In a Wall-Street Journal Article titled “The Underpolicing of Black America,” Jill Leovy illustrated the real impact that a lack of effective policing has on black communities.

From 1988 to 2002, the number of unsolved homicides in the L.A. Police Department’s South Bureau was 41 per square mile. Even as many white neighborhoods remained untouched by killings during this period, some predominately black ones had three unsolved cases per block—seven at the especially violent intersection of South San Pedro and East 84th streets.
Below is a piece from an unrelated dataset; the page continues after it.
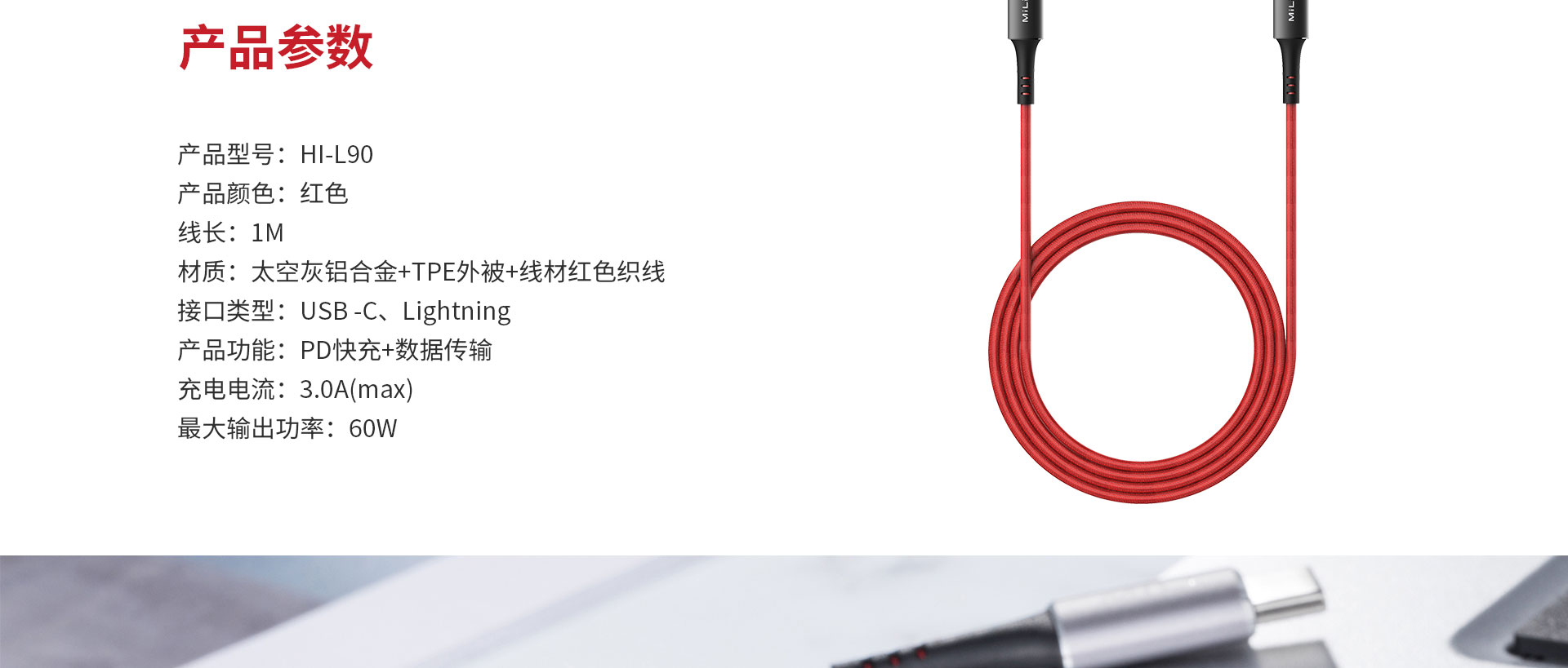 MiLi Braided Type-C to Lightning Cable 快充數(shù)據(jù)線

Meanwhile, police focused, as they had in the past, on nuisance and vice—the cheap and easy, low-hanging fruit of the trade. As early as 1956, Los Angeles police arrested more than 200,000 people a year for “drunkenness” and municipal code violations—a number that is nearly a tenth of the city’s population. The “broken windows” theory of policing echoes these old paddy-wagon tactics.

For many Americans, not just blacks, self-defense is the only thing that stands between life and death. According to American Police Beat, the average response time for an emergency call is 10 minutes. In attempted robbery or assault situations, people don’t have time to wait that long before the scenario goes from frightening to tragic.

Americans should not be denied the potentially life-saving right to self defense via firearm. For black Americans who doubt the police’s motivations or interest in their communities this right is especially paramount.

The Second Amendment is not perfect — as the tragedy in Las Vegas clearly shows. But the average American should not be denied his or her natural rights on the accord of some nutcase acting on criminal impulse. It’s time to let the justice system take care of the attacker and to continue to allow Americans to control their own safety.